FIG. 2 illustrates in simplified fashion the general approach of the present invention. A focusing lens 200 produces an image circle having a diameter D. The image circle actually appears on an image plane defined by the surface of S of an image sensor 205. Lens 200 is typically (although not necessarily, depending on the expected distance for object detection) a wide-angle lens, and as a result produces a large image circle. Because the image-circle diameter D is so much larger than the area of sensor surface S, the image sensor 205 may translate from a first position P to a second position P′ while remaining within the image circle that is, throughout the excursion of image sensor 205 from P to P′, it remains within the image circle and illuminated with a portion of the focused image. (As noted above, the term “focused” means having sufficient sharpness for purposes of the image-analysis and reconstruction operations described below.) Translating image sensor from P to P′ means that different objects within the field of view will appear on image sensor 205. In particular, at position P, image sensor 205 will “see” Object 1, while at position P′ it will record the image of Object 2. It should be noted that Object 1 and Object 2 are equidistant from the image circle or close enough to equidistant to be within the allowed margin of focusing error. Those of skill in the art will appreciate that the same optical effect is achieved by moving lens 200 relative to a fixed image sensor 205. Furthermore, the illustrated optical arrangement is obviously simplified in that normal lens refraction is omitted.

FIGS. 3A-3D illustrate various configurations for translating a lens 200 along a translation axis T. In a laptop, T will typically be vertical—i.e., along a line spanning and perpendicular to the top and bottom edges of the display 115 and lying substantially in the plane of the display (see FIGS. 1A and 1B)—but can be along any desired angle depending on the application. In FIGS. 3A-3C, the lens 200 is retained within a mount 310 that travels along one or more rails 315. In some embodiments, the rail is frictional (i.e., allows mount 310 to move therealong but with enough resistance to retain the mount 310 in any desired position). In other implementations, the system includes an activatable forcing device for bidirectionally translating the mount along the guide. In the embodiment shown in FIG. 3A, mount 310 is translated along rails 315 by a motor 317 (e.g., a stepper motor) 320 whose output is applied to mount 310 via a suitable gearbox 320. Deactivation of motor 317 retains mount 310 in the position attained when deactivation occurs, so the rails 315 need not be frictional. Operation of motor 317 is governed by a processor as described in detail below.

In the embodiment shown in FIG. 3B, one or more piezo elements 325₁, 325₂ are operated to move the mount 310 along the rails 315. The piezo elements 325 apply a directional force to mount 310 upon in response to a voltage. Although piezo actuators are capable of moving large masses, the distances over which they act tend to be small. Accordingly, a mechanism (such as a lever arrangement) to amplify the traversed distance may be employed. In the illustrated embodiment, the piezo elements 325₁, 325₂ receive voltages of opposite polarities so that one element contracts while the other expands. These voltages are applied directly by a processor or by a driver circuit under the control of a processor.

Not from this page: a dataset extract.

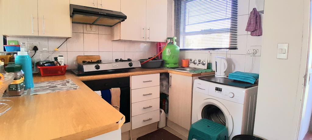 The kitchen with a single sink cupboard and ample built-in cupboards, space for washing machine, single door fridge, and a four plate stove.
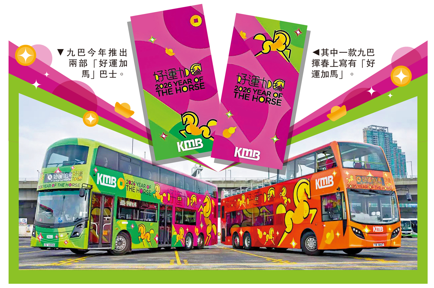 九巴今年推出兩部「好運加馬」丙午馬年生肖巴士,其中傳統雙層巴士以綠色和粉紅色作主色,發言人指「帶出春回大地的感覺」,而車身上以半圓等幾何圖案砌成的金馬,就猶如在綠草上奔馳;而首次擔任生肖巴士的開篷巴士,則以傳統代表喜慶的紅、橙二色作主調。金馬駿馬奔騰的形態生動活潑,兩者均配以金錢、元寶等作點綴,寓意瑞馬迎春,金馬納福。至於馬年揮春上寫上「好運加馬」、「喜氣盈門」,祝願市民新一年運氣和歡樂齊來!

FIG. 3C illustrates an embodiment using a permanent magnet 330 affixed to mount 310 and an electromagnet 332, which is energized by a conventional driver circuit 335 controlled by a processor. By energizing the electromagnet 332 so that like poles of both magnets 330, 332 face each other, the lens mount 310 will be pushed away until the electromagnet 332 is de-energized, and mount 310 will retain its position due to the friction rails. To draw the mount 310 in the opposite direction, electromagnet 332 is energized with current flowing in the opposite direction so that it attracts permanent magnet 330.

In the embodiment shown in FIG. 3D, the guide is a grooved channel 340 within a longitudinal bearing fixture 342. In this case, mount 310 has a ridge 345 that slides within channel 340. As illustrated, ridge 345 may flare into flanges that retain mount 310 within complementary recesses in fixture 342 as the mount slides within the recessed channel of fixture 342. Although specific embodiments of the mount and guide have been described, it will be appreciated by those skilled in the art that numerous mechanically suitable alternatives are available and within the scope of the present invention.

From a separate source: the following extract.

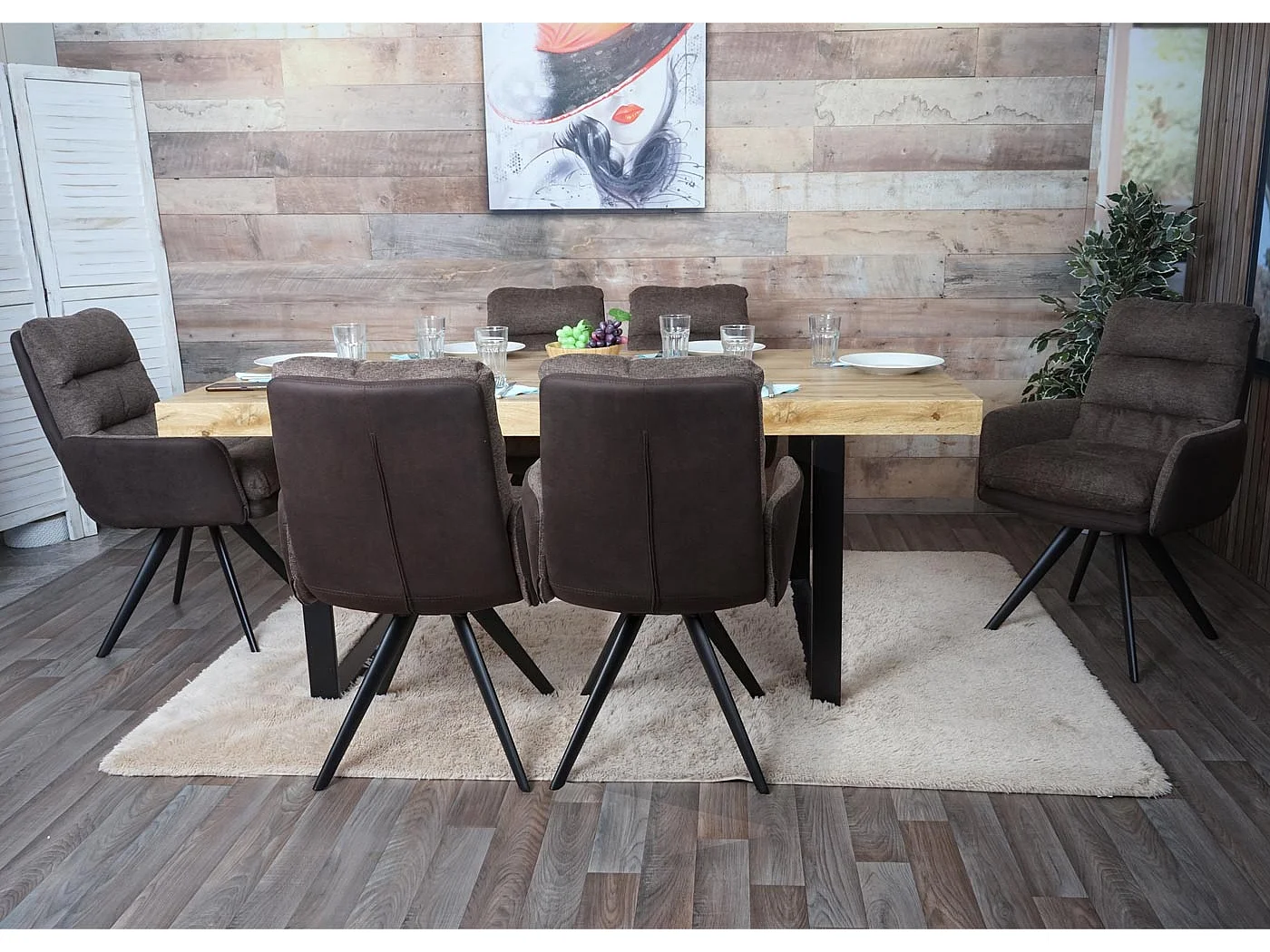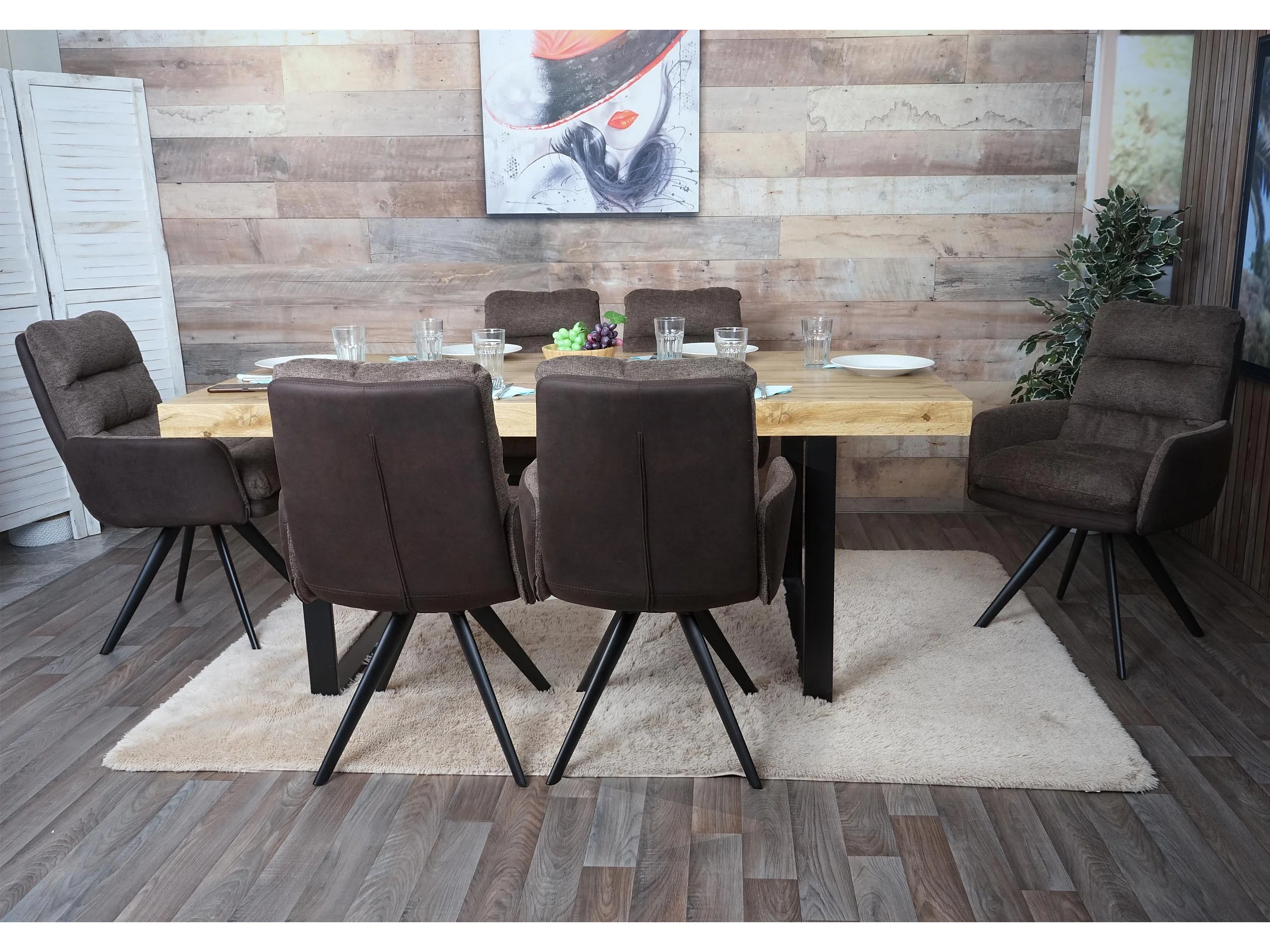 Krzesło do jadalni MCW-G66 (zestaw 6 sztuk), brązowo-ciemnobrązowy, z podłokietnikiem

In various embodiments of the present invention, the sensor interoperates with a system for capturing motion and/or determining position of an object using small amounts of information. For example, as disclosed in the '485 and '357 applications mentioned above, an outline of an object's shape, or silhouette, as seen from a particular vantage point, can be used to define tangent lines to the object from that vantage point in various planes, referred to as “slices.” Using as few as two different vantage points, four (or more) tangent lines from the vantage points to the object can be obtained in a given slice. From these four (or more) tangent lines, it is possible to determine the position of the object in the slice and to approximate its cross-section in the slice, e.g., using one or more ellipses or other simple closed curves. As another example, locations of points on an object's surface in a particular slice can be determined directly (e.g., using a time-of-flight camera), and the position and shape of a cross-section of the object in the slice can be approximated by fitting an ellipse or other simple closed curve to the points. Positions and cross-sections determined for different slices can be correlated to construct a 3D model of the object, including its position and shape. A succession of images can be analyzed using the same technique to model motion of the object. Motion of a complex object that has multiple separately articulating members (e.g., a human hand) can be modeled using techniques described herein.

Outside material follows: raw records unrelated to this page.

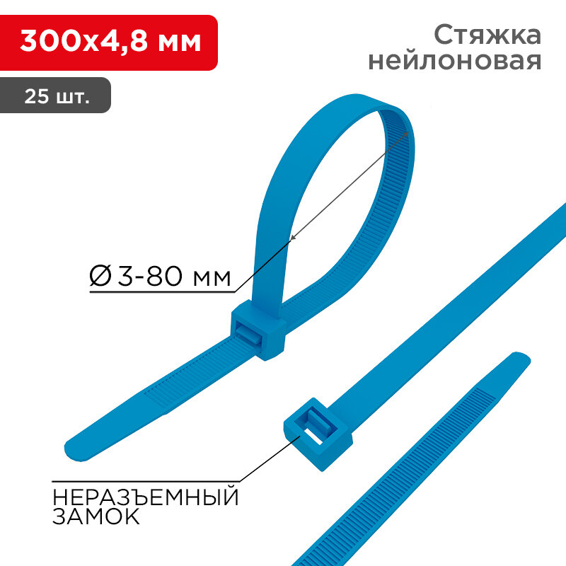 Хомут прочный нейлоновый (кабельная стяжка) 300 x 4,8 мм, в упаковке 25 штук интересное:
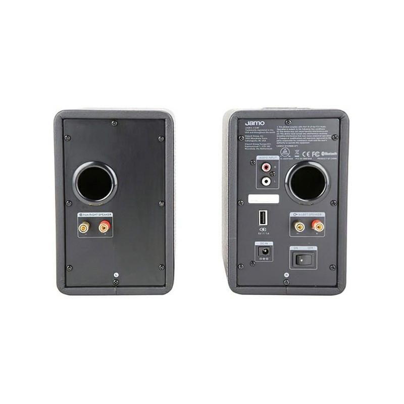 Là dòng loa 2.0 tích hợp âm ly trong với công suất 18w x 2, có khả năng tái tạo âm thanh rất tốt dù kết nối bluetooth không dây, loa thiết kế truyền thống với vân da cao cấp trông rất sang trọng. Hiệu ứng stereo của loa mang lại là rất hiệu quả cho một sản phẩm loa chính hãng Jamo giá rẻ. Loa có khả năng kết nối với tivi, đầu đĩa, thiết bị nghe nhạc, điện thoại hay máy tính nhờ cổng kết nối đa dạng.
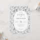 This elegant wedding invitation features a sophisticated monochromatic floral pattern with intricate botanical illustrations framing the central text. The design showcases a classic and timeless style, enhanced by clean lines and precise detailing in black against a crisp white background. The typography combines bold serif fonts for the names with lighter weights for additional details, creating a balanced and formal layout. Perfect for conveying sophistication and celebration, this invitation is ideal for couples seeking a refined and nature-inspired aesthetic for their special day.
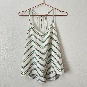 Full Tilt Chevron Stripe Print Strappy Back V Neck Tank Top ivory green brown, Size M. Good used condition.

FIG. 4 is a simplified illustration of a motion-capture system 400 that is responsive to a sensor as described above. In this embodiment, the sensor consists of two cameras 402, 404 arranged such that their fields of view (indicated by broken lines) overlap in region 410. Cameras 402, 404 are coupled to provide image data to a computer 406. Computer 406 analyzes the image data to determine the 3D position and motion of an object, e.g., a hand H, that moves in the field of view of cameras 402, 404. The system 400 may also include one or more light sources 408 (disposed, along with the image sensor and focusing optics, within the display edge) for illuminating the field of view.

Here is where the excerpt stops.